INSTRUCTIONS TO FOLLOW
Stop after the line that contains "the time limit."; until then, restate each line of the entries word for word from the very first.

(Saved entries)
________

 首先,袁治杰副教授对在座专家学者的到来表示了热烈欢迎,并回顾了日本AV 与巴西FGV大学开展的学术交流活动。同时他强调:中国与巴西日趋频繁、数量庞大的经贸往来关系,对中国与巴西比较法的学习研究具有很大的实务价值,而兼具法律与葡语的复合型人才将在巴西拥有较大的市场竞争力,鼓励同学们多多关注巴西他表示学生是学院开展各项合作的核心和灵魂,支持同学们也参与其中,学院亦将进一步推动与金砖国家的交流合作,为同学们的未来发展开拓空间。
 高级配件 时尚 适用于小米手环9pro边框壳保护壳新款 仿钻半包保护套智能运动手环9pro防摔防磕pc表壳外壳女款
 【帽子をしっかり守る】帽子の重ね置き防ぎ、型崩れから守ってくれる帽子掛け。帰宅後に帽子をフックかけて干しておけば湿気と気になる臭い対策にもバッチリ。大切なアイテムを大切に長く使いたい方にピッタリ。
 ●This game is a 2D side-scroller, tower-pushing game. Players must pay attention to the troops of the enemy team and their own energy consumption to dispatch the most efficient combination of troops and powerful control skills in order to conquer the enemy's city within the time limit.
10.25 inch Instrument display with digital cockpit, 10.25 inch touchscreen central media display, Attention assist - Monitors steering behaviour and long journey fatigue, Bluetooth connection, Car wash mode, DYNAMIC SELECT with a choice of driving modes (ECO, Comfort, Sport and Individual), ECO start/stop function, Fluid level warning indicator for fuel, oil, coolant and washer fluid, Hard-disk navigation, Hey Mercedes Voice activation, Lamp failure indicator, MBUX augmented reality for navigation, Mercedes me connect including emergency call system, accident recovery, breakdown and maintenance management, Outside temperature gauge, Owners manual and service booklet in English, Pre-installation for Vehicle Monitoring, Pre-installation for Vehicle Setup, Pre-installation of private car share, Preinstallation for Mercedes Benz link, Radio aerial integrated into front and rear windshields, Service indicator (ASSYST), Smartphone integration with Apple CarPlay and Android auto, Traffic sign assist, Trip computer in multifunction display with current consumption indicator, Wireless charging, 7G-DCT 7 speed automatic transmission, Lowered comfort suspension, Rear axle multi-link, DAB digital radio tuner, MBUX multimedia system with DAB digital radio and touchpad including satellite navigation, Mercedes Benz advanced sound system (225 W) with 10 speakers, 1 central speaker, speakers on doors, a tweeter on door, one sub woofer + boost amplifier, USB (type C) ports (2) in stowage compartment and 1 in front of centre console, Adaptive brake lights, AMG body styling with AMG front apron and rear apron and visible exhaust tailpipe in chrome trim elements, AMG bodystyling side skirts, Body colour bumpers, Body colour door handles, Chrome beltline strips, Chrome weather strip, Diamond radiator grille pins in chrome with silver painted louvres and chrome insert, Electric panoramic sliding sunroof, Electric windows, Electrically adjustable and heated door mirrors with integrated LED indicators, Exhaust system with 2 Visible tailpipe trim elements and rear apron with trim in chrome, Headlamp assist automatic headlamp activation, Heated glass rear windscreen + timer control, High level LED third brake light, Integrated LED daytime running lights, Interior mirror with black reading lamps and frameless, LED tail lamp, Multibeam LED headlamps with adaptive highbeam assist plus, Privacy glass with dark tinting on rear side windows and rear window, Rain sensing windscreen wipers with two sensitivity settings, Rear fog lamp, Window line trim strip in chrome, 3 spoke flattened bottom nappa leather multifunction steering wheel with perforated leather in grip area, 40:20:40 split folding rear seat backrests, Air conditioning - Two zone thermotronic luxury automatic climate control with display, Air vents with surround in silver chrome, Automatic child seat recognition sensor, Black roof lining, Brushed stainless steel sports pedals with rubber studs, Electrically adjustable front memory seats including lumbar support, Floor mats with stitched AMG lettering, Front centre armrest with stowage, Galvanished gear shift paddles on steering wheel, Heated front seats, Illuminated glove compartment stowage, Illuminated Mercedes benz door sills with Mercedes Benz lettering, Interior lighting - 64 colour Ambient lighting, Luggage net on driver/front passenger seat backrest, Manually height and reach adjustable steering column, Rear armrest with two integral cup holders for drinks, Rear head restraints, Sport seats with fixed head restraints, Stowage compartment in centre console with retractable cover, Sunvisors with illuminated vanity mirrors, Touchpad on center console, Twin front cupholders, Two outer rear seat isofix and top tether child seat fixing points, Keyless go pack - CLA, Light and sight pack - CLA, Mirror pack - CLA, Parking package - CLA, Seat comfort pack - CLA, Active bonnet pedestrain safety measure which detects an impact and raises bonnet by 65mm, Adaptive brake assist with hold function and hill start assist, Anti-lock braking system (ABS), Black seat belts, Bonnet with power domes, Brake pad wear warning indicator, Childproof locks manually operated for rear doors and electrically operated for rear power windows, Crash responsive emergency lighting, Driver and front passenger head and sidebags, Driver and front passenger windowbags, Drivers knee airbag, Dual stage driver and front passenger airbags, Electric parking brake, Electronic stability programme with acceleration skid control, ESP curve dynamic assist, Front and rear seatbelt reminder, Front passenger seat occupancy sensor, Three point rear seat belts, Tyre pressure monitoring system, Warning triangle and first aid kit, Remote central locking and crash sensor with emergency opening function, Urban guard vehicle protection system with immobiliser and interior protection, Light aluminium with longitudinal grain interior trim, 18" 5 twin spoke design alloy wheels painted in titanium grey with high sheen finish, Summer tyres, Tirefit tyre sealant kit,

________

SOLUTION TO THIS PROBLEM
 首先,袁治杰副教授对在座专家学者的到来表示了热烈欢迎,并回顾了日本AV 与巴西FGV大学开展的学术交流活动。同时他强调:中国与巴西日趋频繁、数量庞大的经贸往来关系,对中国与巴西比较法的学习研究具有很大的实务价值,而兼具法律与葡语的复合型人才将在巴西拥有较大的市场竞争力,鼓励同学们多多关注巴西他表示学生是学院开展各项合作的核心和灵魂,支持同学们也参与其中,学院亦将进一步推动与金砖国家的交流合作,为同学们的未来发展开拓空间。
 高级配件 时尚 适用于小米手环9pro边框壳保护壳新款 仿钻半包保护套智能运动手环9pro防摔防磕pc表壳外壳女款
 【帽子をしっかり守る】帽子の重ね置き防ぎ、型崩れから守ってくれる帽子掛け。帰宅後に帽子をフックかけて干しておけば湿気と気になる臭い対策にもバッチリ。大切なアイテムを大切に長く使いたい方にピッタリ。
 ●This game is a 2D side-scroller, tower-pushing game. Players must pay attention to the troops of the enemy team and their own energy consumption to dispatch the most efficient combination of troops and powerful control skills in order to conquer the enemy's city within the time limit.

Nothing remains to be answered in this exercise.